§ **ACTIVITY**: Wherever the line with "Set of 2 vintage" sits in the listing below, transcribe from it up to and including the line with "Instrumentation: Alto Saxophone", exactly, and leave the remaining lines out.

RECORDS TO USE section start

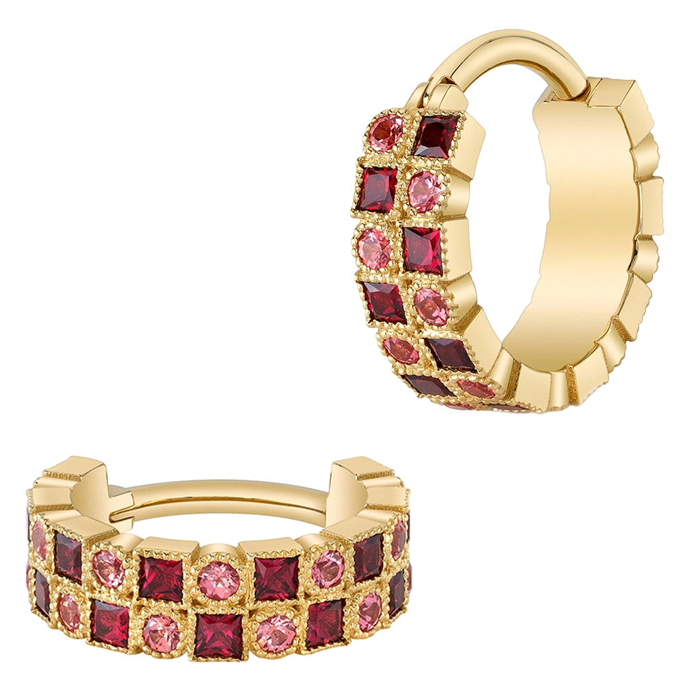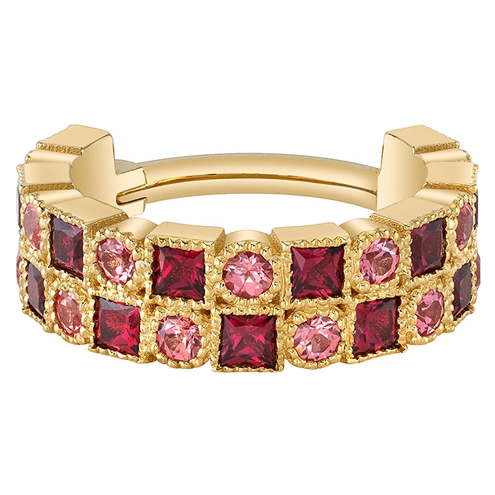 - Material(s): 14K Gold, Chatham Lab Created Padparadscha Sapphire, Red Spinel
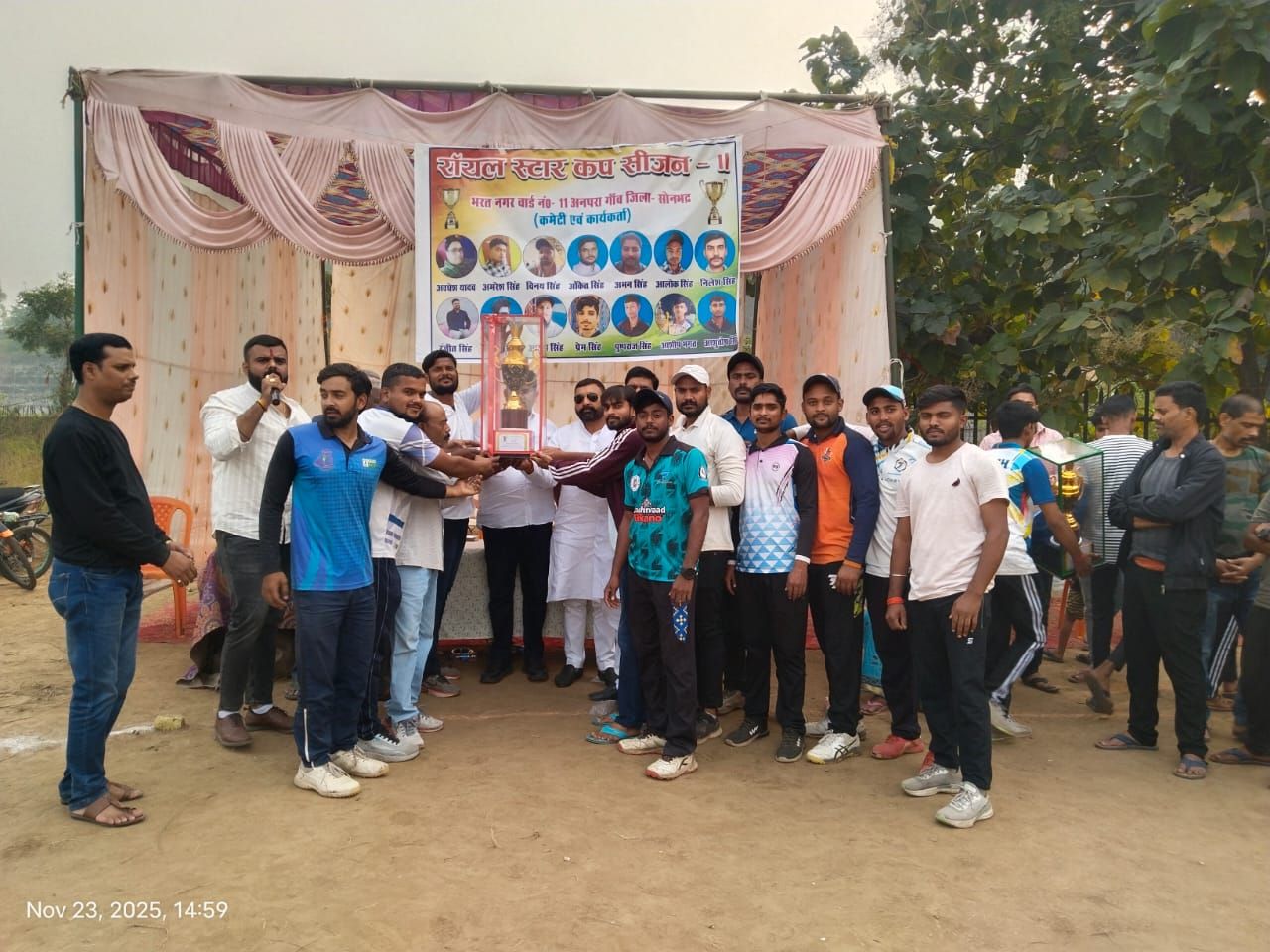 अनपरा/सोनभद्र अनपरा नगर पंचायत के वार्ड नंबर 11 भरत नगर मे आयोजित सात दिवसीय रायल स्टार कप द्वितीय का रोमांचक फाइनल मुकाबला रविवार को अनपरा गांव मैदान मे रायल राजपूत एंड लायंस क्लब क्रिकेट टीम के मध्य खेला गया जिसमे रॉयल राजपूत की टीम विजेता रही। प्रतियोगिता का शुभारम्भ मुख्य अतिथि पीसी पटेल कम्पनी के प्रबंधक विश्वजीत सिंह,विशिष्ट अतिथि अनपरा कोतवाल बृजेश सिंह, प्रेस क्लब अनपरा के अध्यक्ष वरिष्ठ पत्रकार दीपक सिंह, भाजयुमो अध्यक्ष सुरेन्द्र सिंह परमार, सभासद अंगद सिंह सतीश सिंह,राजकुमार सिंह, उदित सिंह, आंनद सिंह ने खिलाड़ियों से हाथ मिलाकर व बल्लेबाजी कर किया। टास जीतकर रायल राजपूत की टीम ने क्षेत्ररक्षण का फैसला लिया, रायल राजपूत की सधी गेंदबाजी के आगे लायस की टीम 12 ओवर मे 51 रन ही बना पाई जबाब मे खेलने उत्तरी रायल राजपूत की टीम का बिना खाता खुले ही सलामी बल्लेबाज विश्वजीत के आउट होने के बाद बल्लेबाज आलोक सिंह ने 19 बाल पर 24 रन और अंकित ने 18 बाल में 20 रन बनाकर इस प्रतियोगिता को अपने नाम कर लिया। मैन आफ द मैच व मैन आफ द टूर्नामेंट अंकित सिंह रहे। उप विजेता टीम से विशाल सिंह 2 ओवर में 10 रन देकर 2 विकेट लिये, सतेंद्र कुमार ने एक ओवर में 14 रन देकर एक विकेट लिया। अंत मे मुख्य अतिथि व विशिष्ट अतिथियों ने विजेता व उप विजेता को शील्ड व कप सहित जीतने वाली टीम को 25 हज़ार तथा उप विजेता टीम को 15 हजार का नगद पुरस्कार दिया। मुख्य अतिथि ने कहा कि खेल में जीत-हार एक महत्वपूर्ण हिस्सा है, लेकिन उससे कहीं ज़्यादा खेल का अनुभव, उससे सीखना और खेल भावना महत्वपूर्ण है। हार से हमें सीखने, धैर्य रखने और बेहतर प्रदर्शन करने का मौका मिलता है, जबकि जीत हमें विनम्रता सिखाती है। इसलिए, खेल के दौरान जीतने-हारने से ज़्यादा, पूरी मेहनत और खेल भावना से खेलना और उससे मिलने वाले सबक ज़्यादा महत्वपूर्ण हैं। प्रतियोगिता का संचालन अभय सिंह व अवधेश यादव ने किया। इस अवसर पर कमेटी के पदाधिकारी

RECORDS TO USE section end
RECORDS TO USE section start

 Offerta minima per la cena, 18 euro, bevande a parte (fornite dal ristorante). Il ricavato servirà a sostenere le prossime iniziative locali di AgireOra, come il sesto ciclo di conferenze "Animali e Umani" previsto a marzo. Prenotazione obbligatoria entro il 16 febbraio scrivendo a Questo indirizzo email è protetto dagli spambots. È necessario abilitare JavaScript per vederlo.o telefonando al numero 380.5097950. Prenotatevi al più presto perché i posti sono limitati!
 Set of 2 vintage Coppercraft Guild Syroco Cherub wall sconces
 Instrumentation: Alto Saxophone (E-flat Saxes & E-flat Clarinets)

RECORDS TO USE section end

§ **YOUR RESPONSE**:
 Set of 2 vintage Coppercraft Guild Syroco Cherub wall sconces
 Instrumentation: Alto Saxophone (E-flat Saxes & E-flat Clarinets)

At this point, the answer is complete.